■ WHAT THE TASK ASKS
Please reproduce the lines from the one containing "Mountain landscape with castle and dragon" through the end of the data below exactly as they stand, and omit all pictures.

■ SOURCE MATERIAL
┄┄┄┄┄┄┄┄┄┄┄┄┄┄┄┄┄┄┄┄
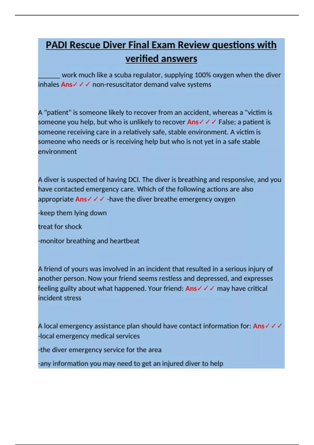 PADI Rescue Diver Final Exam Review questions with verified answers.
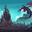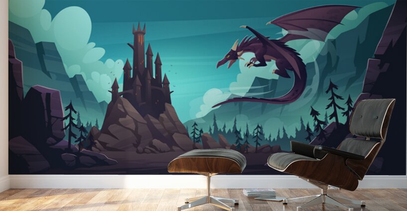 Mountain landscape with castle and dragon
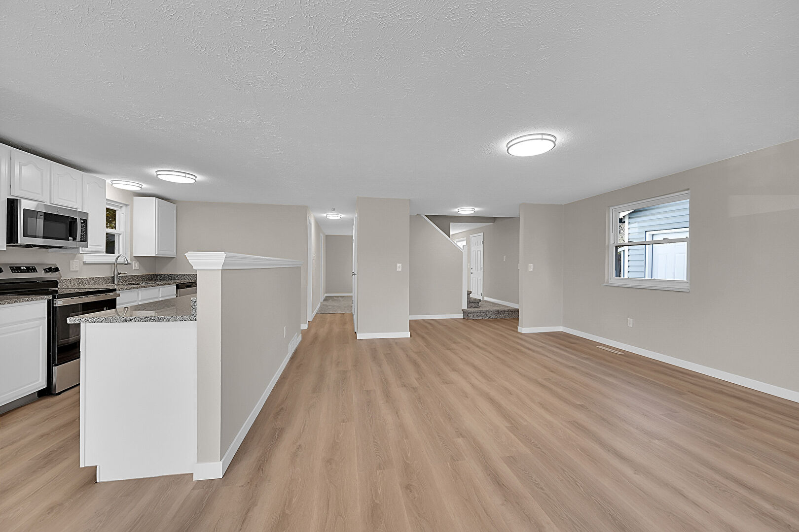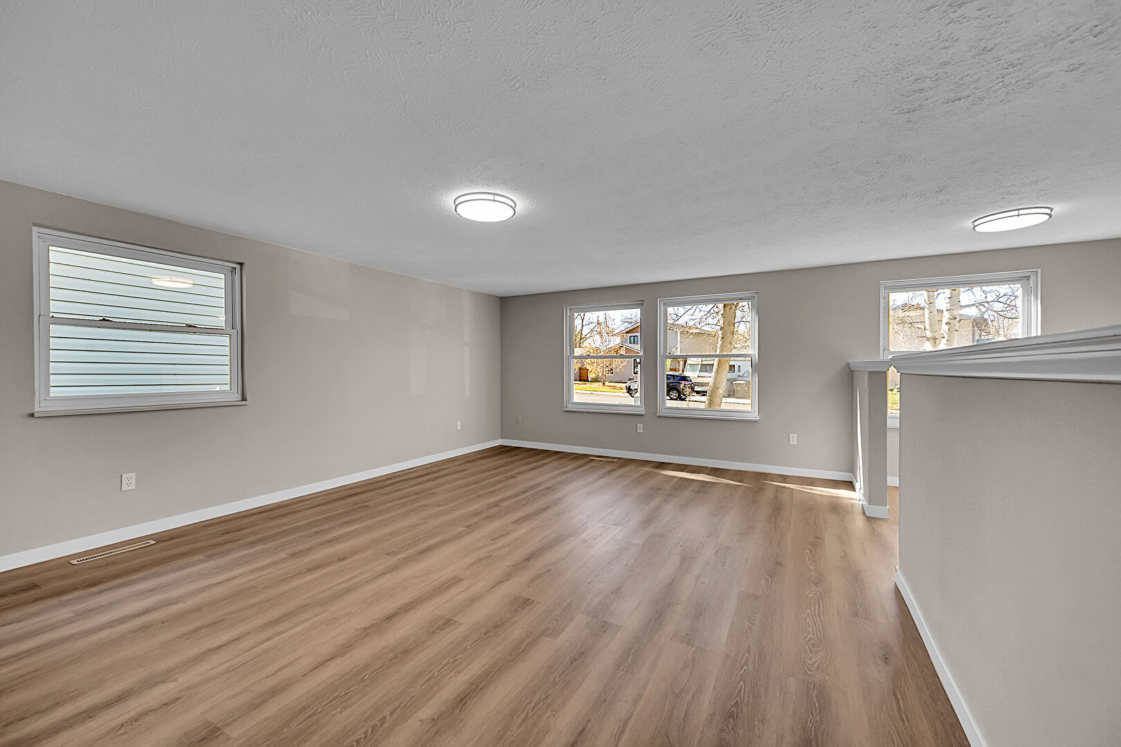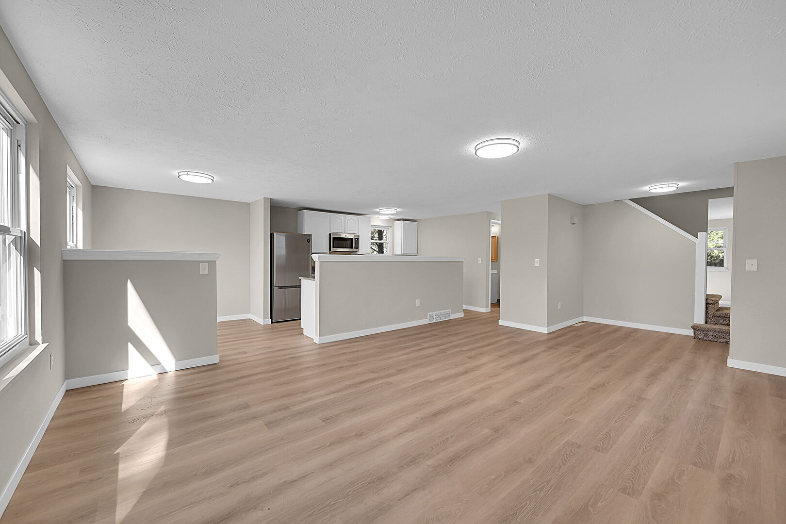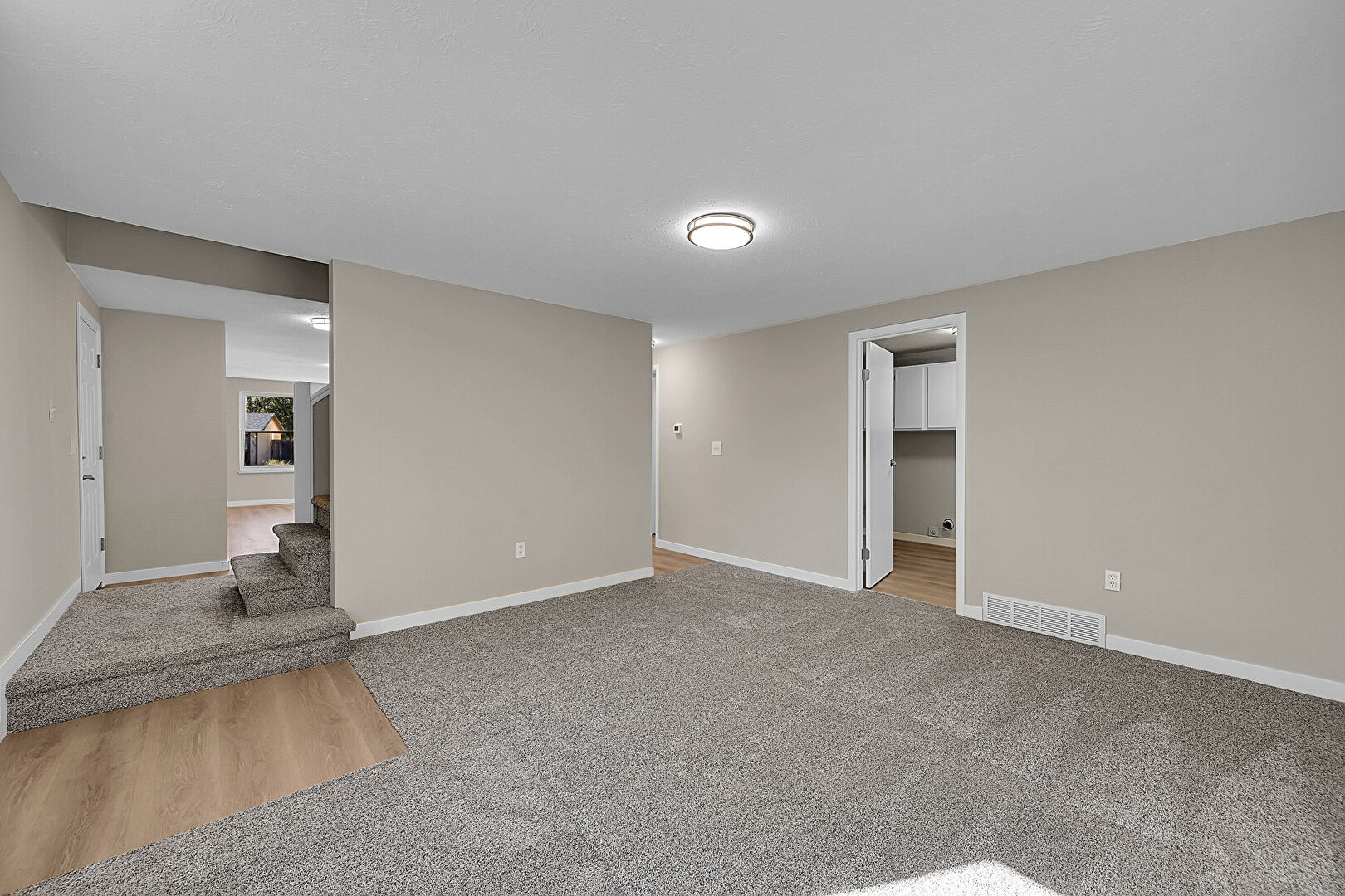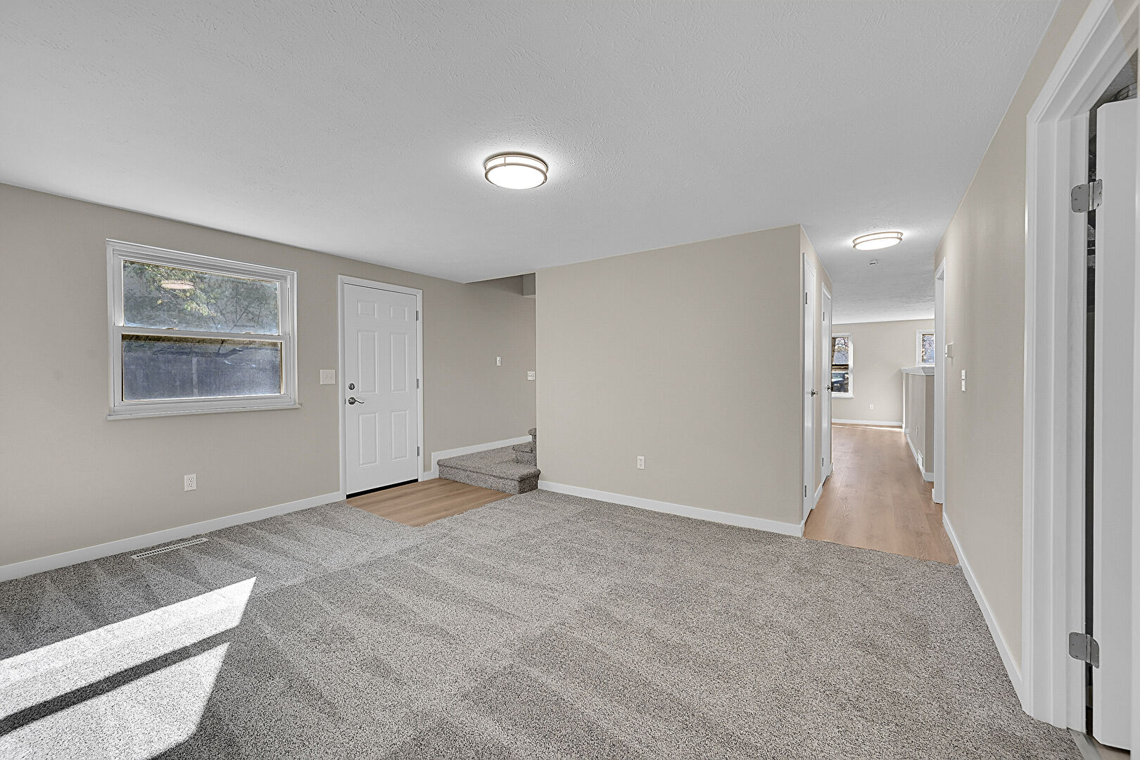 Baseboards Wall, Carpet, Drywall, Natural Light, Stairs, Textured Ceiling, Vent, Wood Finish Floor, Carpet, Drywall, Vent
┄┄┄┄┄┄┄┄┄┄┄┄┄┄┄┄┄┄┄┄
■ TASK RESULT
 Mountain landscape with castle and dragon
 Baseboards Wall, Carpet, Drywall, Natural Light, Stairs, Textured Ceiling, Vent, Wood Finish Floor, Carpet, Drywall, Vent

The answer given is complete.